Release Review: "Total Strife Forever" – East India Youth, Album, Out Now

East India Youth’s William Doyle has long been squirreling away hype for the producer/singer-songwriter winter – let the Jamie Woons, James Blakes, Vondelparks and Deptford Goths have their fun. Because 2014 now finds him not only lacking in peers, but backed up by a masterful debut – packed with as many synthpop nuggets as modernist crescendos and electronic freakouts – that might just show him to be musically peerless.
Amongst 2012-13’s billowing surplus of producer/singer-songwriters, contraire-bloggers The Quietus found no satisfaction. James Blake was ‘dance music for bedwetters’, and recent efforts from Vondelpark and Deptford Goth yielded no better results. But when East Londoner William Doyle handed them a CD in person, something clicked (and clacked, and thumped). Like The Quietus – always one step ahead, if you asked them – their new protégé was a kind of post-James Blake James Blake. Because his varied releases, all lumped together in this year’s debut “Total Strife Forever”, boast a deft working knowledge of all his peers’ points of references, but with more ‘serious’ electronic stripes to boot.
Where bona fide tunes are scarce but monumental, Doyle’s music shimmers with six-minute-long ebb and flow synth loops, modernist soundscapes and digital deterioration. Typical of East India Youth, the record begins by boldly eschewing the prototypical ‘suck it and see’ method of starting with a hook. Instead, you’re thrown into the deep end with a pair of patiently unfolding instrumentals. “Glitter Recession” is a mission statement in as much as it shows off what heartstring-tugging emotion Doyle can pull out of one synth chord progression, repeated ad infinitum. The keys dance a desperate dance of continually cross-legged steps, around which acres of piano stabs, modulation and reverberation rise to an apocalyptic reverie. But rather than building to a melodic head, they collapse into “Total Strife Forever I”, the first of four eponymous instrumentals that unfold in as ponderous a level of subtle variation as anything by electronic chinstroker Oneohtrix Point Never (read our review of his 2013 album “R Plus Seven” here). It’s not exactly the snappiest intro to a debut ever.
But it’s bold for good reason, as there’s more of it to come. Many of the album’s spine-tingling peaks occur outside of its more single-worthy territory. “Hinterland”, for example, makes a confident and stirring journey out of weighty techno shapes. But unlike basshead-cum-singer-songwriters such as Ninja Tune’s Raffertie (read our review of his 2013 album “Sleep of Reason” here), the beauty isn’t always in the bass. Instead, East India Youth’s hands-in-the-air moments don’t come with shuddering low end, but timeless synth crescendos worthy of Berlin-era Bowie (“Total Strife Forever III” and “IV”), intricately repeating piano patterns straight out of Nils Frahm’s scores (“Glitter Recession” and “Song For A Granular Piano”) and cascading arpeggios as brutally hypnotic as the violent symmetry of Fuck Buttons (“Looking for Someone”). It’s not exactly a set of namechecks to slip into links on Radio 2’s A-list, but every keystroke and synth pad resonate with more soul than you’d find on any Emile Sandé melisma. These machines have heart – and more specifically, Doyle’s heart, which sounds fit to burst.
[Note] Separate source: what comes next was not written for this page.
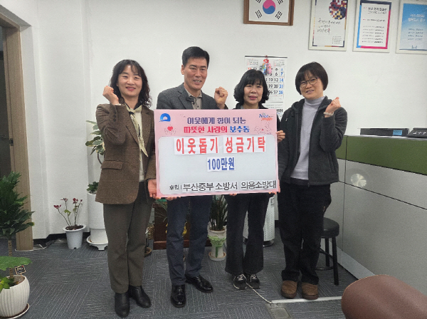 ºÎ»êÁßºÎ¼Ò¹æ¼ ÀÇ¿ë¼Ò¹æ´ë(³²¼º´ëÀå À̺À¼®, ¿©¼º´ëÀå ½É°æ¶õ)°¡ Áö¿ª ³» ¾î·Á¿î ÀÌ¿ôÀ» µ½±â À§ÇØ Áö³ 23ÀÏ º¸¼öµ¿ ÇàÁ¤º¹Áö¼¾ÅÍ(µ¿Àå ½Å°æ¾Ö)¿¡ ¼º±ÝÀ» ±âŹÇß´Ù.

Because crucially, just as his critical acclaim extends beyond the erect noses of the Quietus-grade snobosphere, Doyle retains the appeal of a crossover audience. All the dramatic shapes made by the album’s weighty instrumental sections ultimately play like ripples (albeit wonderful ones in their own right) around its few songs proper – the ones where Doyle opens those pipes of his. “Dripping Down” brings sweet relief after the lengthy openers, its newfound rollicking percussion meeting Doyle’s first impassioned reveal of his love-torn melancholia. “Looking For Someone” is a hearty earworm, whose lyrical and melodic simplicity belies its emotional impact, as well as somehow sneaking in an über-freakout bass solo. But it’s the core of the record, “Heaven, How Long”, that shows Doyle’s wide skill set to be more than critic-panderingly eclectic. Precise keys and a pared back vocal unfold magically towards a euphoric refrain that adds goosebumps to your goosebumps, before a high energy outro that plays like the triumphant closing credits of an epic, and justifiably so.
On these rare moments where his ambient and ponderous experimentation finds its way into proper pop structures, it’s clear that you’re dealing with more than an electronic wunderkind: East India Youth is a boldly transcendental songwriter in his own right, and you won’t be able to keep quiet(-us) about it.